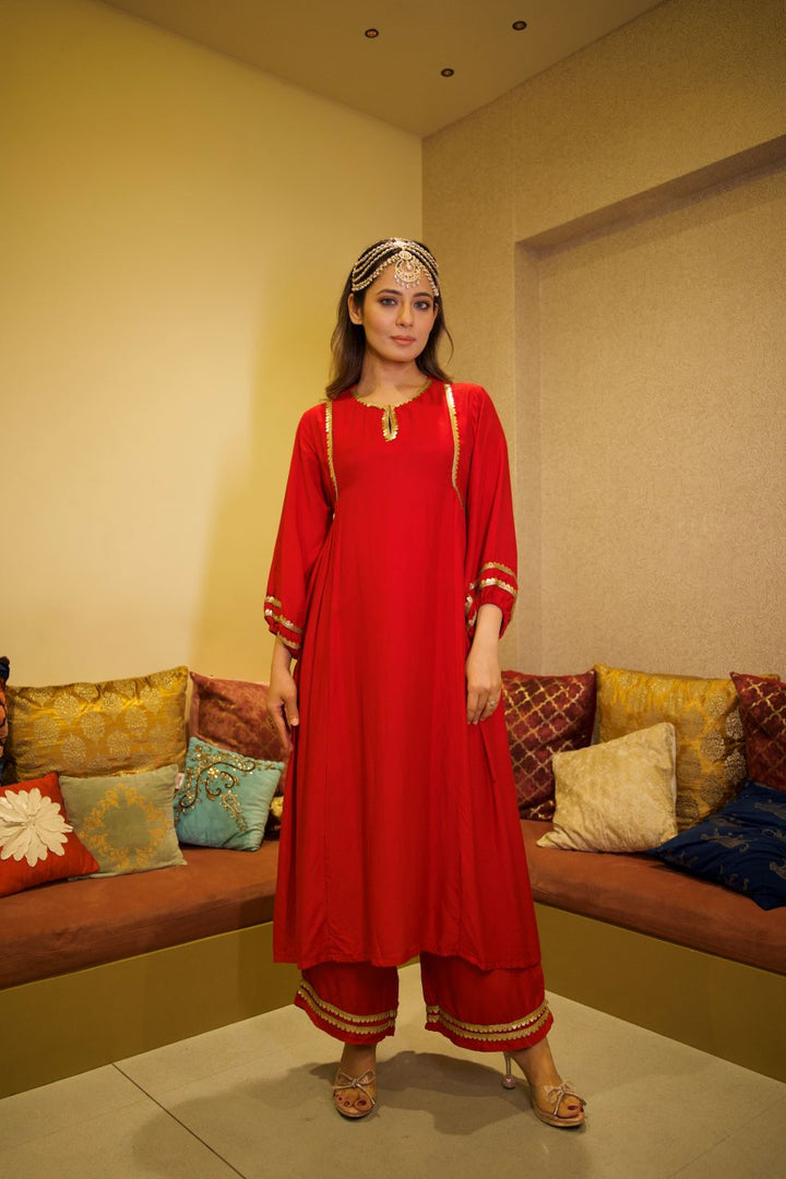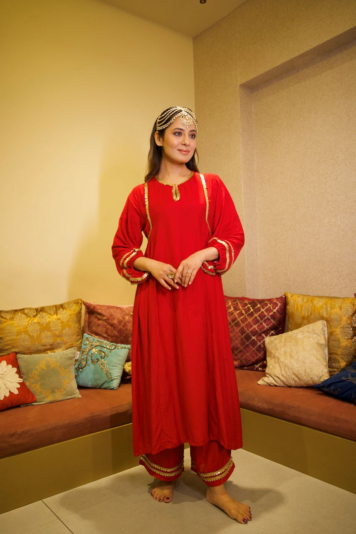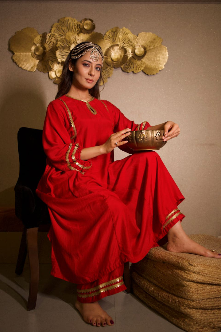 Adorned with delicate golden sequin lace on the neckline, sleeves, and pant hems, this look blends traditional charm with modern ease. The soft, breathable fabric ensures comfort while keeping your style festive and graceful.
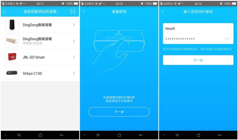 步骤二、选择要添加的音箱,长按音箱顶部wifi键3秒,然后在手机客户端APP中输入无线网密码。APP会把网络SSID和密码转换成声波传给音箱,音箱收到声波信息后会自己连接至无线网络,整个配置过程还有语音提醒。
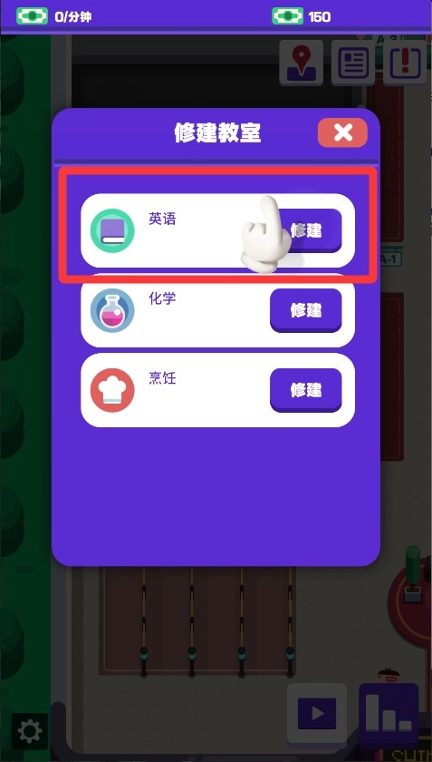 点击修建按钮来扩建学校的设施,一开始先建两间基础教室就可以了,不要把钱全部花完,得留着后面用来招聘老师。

▶ _About this task_
Starting at the first line of the data, set down each line exactly until you have copied the line with "步骤二、选择要添加的音箱,长", but leave the pictures out.

▶ _Task output_
 Adorned with delicate golden sequin lace on the neckline, sleeves, and pant hems, this look blends traditional charm with modern ease. The soft, breathable fabric ensures comfort while keeping your style festive and graceful.
 步骤二、选择要添加的音箱,长按音箱顶部wifi键3秒,然后在手机客户端APP中输入无线网密码。APP会把网络SSID和密码转换成声波传给音箱,音箱收到声波信息后会自己连接至无线网络,整个配置过程还有语音提醒。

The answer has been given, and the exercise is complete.